There are other crowdsourcing projects with similar goals. The National Archives has its Citizen Archivist Dashboard, where users can help tag images, transcribe manuscripts, edit articles as well as upload and share their own National Archives-related photos (citation). Another example is The George Eastman House International Museum of Photography and Film, which is undertaking a large online effort to “[tag] and [catalog] its archive of more than 400,000 images” (citation). There are of course many more, lesser-known projects that seek to engage the public in what we have seen to be a mutually-beneficial exercise. However, there may be risks to sponsoring institutions offering crowdsourced projects to the public. Indeed, members on crowdsourcing networks can potentially subvert and sabotage an institution’s goals. In crowdsourcing, GLAMS often have to specify the parameters of a project which may expose some of their proprietary computer data, making them vulnerable to hackers. Online community management and security are definitely important considerations for GLAMS heading into the future.

Overall, crowdsourcing in the cultural heritage domain is important because it encourages social memory and the production of an enlightened citizenry. Furthermore, crowdsourcing promotes the values of democracy through transparency and open participation. However, when we speak of democracy and democratizing the Web, we should be careful not to lavish crowdsourcing with too much praise. Since crowdsourcing occurs on the Internet, and since Internet access is lower among the economically disadvantaged and racial and ethnic minorities, we can’t really claim that crowdsourcing is altogether improving society – even in the area of the cultural heritage domain.
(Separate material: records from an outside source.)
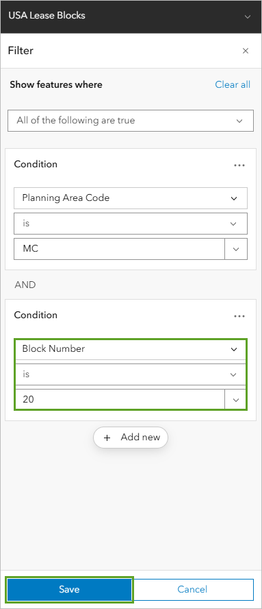 - Click Add new to add another condition, use the fields to create the second condition Block Number is 20, and click Save.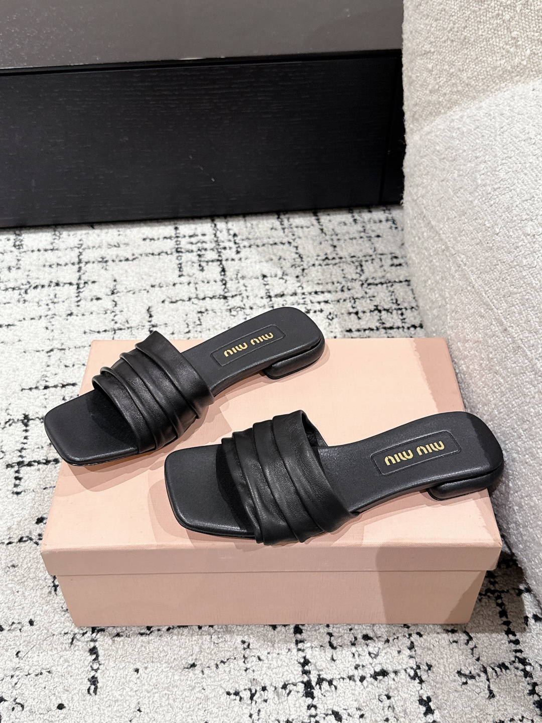 Miu Miu 25ss summer flat denim leather slippers. Handcrafted with cloud heel design. Upper: denim/leather, lining: leather, sole: Italian handcrafted leather. Sizes 35-40.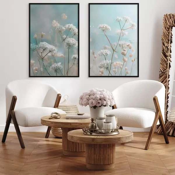 Poster Queen Anne's Lace-bloemen in aquarelstijl op een blauwe achtergrond Nr d00705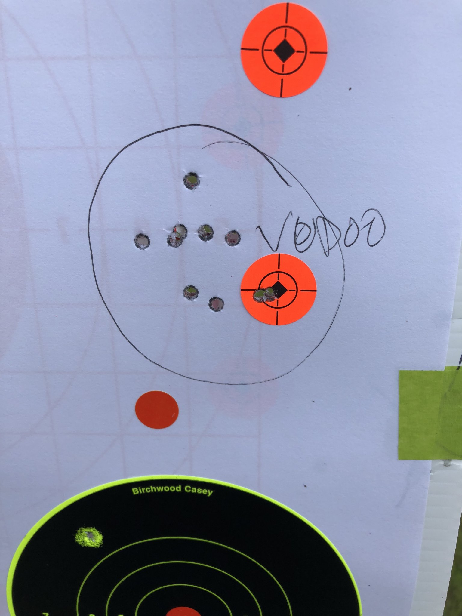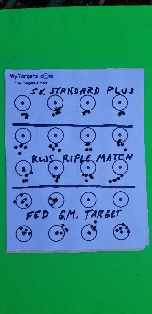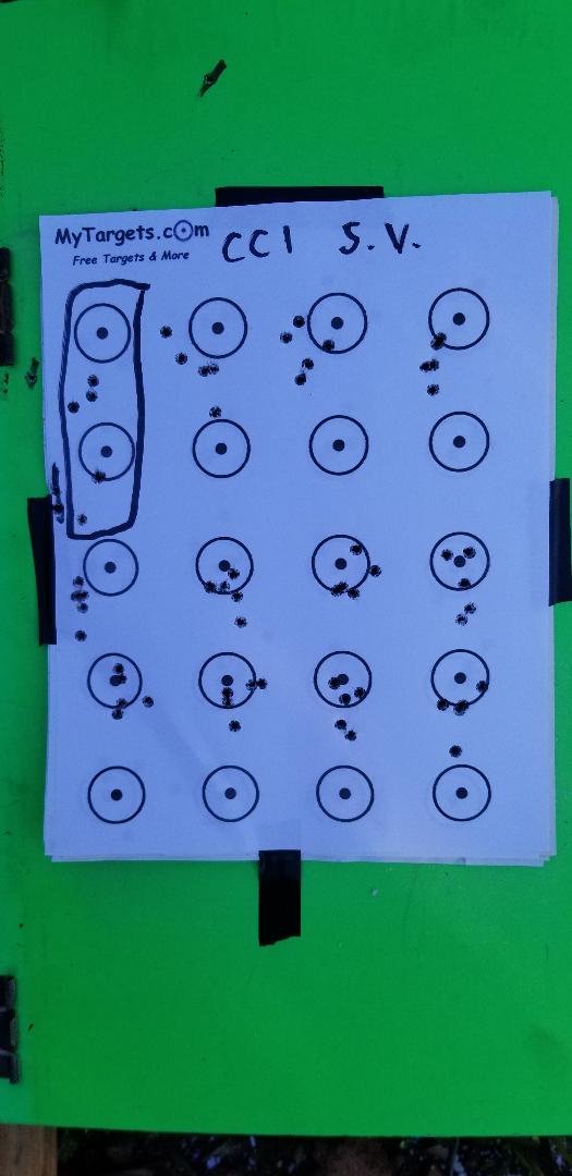 Again, I am new to the precision rimfire world, and I'm hoping the scatter of the shots is something I can fix (whether me or finding the right ammo. I'll post more group pics later. Average overall velocity was 1061 FPS (averaged across the 100 rounds).

After all, those who engage in crowdsourcing projects are likely people of comfortable socioeconomic standing who have access to higher education. Indeed, many probably get involved because of higher education. Therefore, although crowdsourcing is free, opportunities for everyone who wish to participate are still largely limited. Poverty and access to education are important issues, but another important issue may be closer to the heart of GLAMS. If GLAMS are to digitize their collections, it may lead to less patrons coming through their doors. Whether this is a legitimate concern or not, GLAMS are still in a unique position to try new things to stay relevant today.